Exercise requirements
Line by line, print the records exactly, and keep images out of the copy.

═════ Data for processing

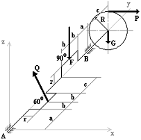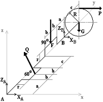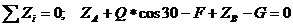 3) ∑FKZ=ZA+ZB+RC·sin30°-G-Q·cos45°=0;
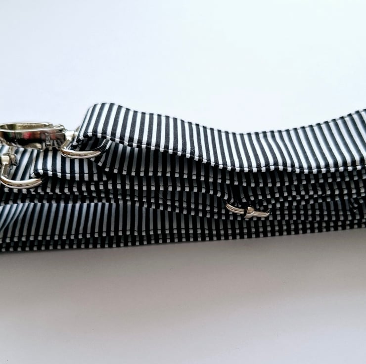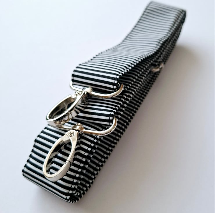 The strap was created with 100% cotton fabric and interfacing added for extra strength and comfort. Colours of the fabric is black and white. The silver metal hardware gives the strap a good visual effect. The strap length is fully adjustable from 69cm to 134cm (27" to 53").
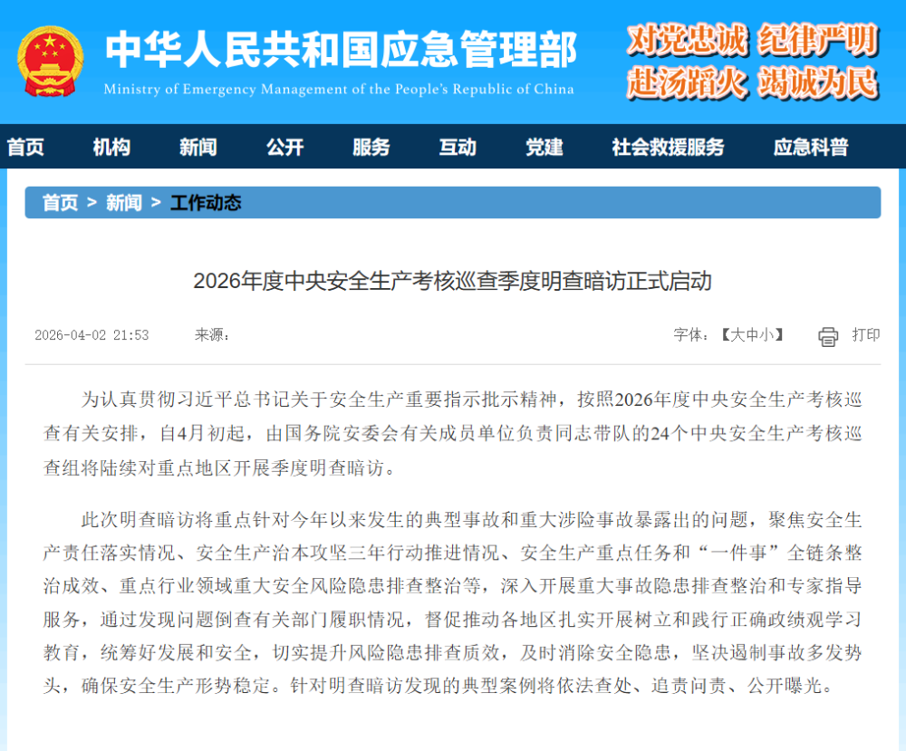 为认真贯彻习近平总书记关于安全生产重要指示批示精神,按照2026年度中央安全生产考核巡查有关安排,自4月初起,由国务院安委会有关成员单位负责同志带队的24个中央安全生产考核巡查组将陆续对重点地区开展季度明查暗访。
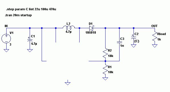 Im Anhang hab ich mal mit 22u, 100u und 470u simuliert. Die Kurve ohne Überschwinger ist die mit 470uF. Probier mal 1000uF parallel 22uF. Hat deine Spule wirklich nur 4,7uH bis max. 10uH?
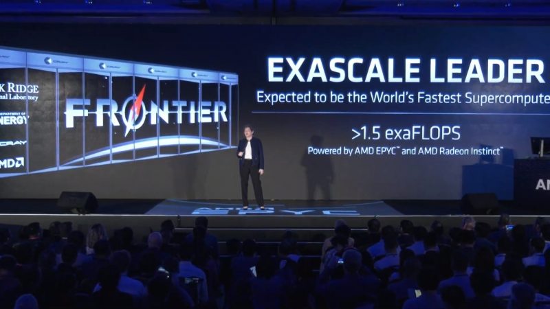 Dentro de la misma conferencia, Lisa Su, CEO de AMD, mencionó que AMD fue la empresa elegida para construir un supercomputador con una potencia de 1.5 exaFLOPS, basado en EPYC y las aceleradores de video AMD Instinct. Este equipo, entre otras cosas, será utilizado para investigar cambios de clima, medicamentos, mutaciones genéticas y otras tareas que requieran un alto nivel de poder de calculo.
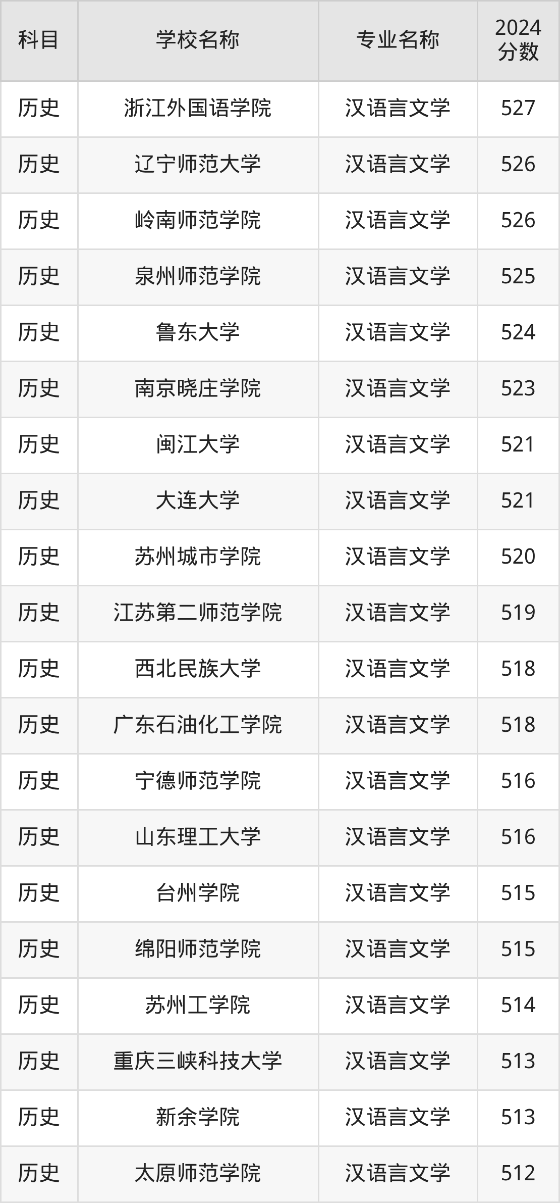 | 玉林师范学院 | 汉语言文学(师 范类) | 510 |

══════════

Result below
 3) ∑FKZ=ZA+ZB+RC·sin30°-G-Q·cos45°=0;
 The strap was created with 100% cotton fabric and interfacing added for extra strength and comfort. Colours of the fabric is black and white. The silver metal hardware gives the strap a good visual effect. The strap length is fully adjustable from 69cm to 134cm (27" to 53").
 为认真贯彻习近平总书记关于安全生产重要指示批示精神,按照2026年度中央安全生产考核巡查有关安排,自4月初起,由国务院安委会有关成员单位负责同志带队的24个中央安全生产考核巡查组将陆续对重点地区开展季度明查暗访。
 Im Anhang hab ich mal mit 22u, 100u und 470u simuliert. Die Kurve ohne Überschwinger ist die mit 470uF. Probier mal 1000uF parallel 22uF. Hat deine Spule wirklich nur 4,7uH bis max. 10uH?
 Dentro de la misma conferencia, Lisa Su, CEO de AMD, mencionó que AMD fue la empresa elegida para construir un supercomputador con una potencia de 1.5 exaFLOPS, basado en EPYC y las aceleradores de video AMD Instinct. Este equipo, entre otras cosas, será utilizado para investigar cambios de clima, medicamentos, mutaciones genéticas y otras tareas que requieran un alto nivel de poder de calculo.
 | 玉林师范学院 | 汉语言文学(师 范类) | 510 |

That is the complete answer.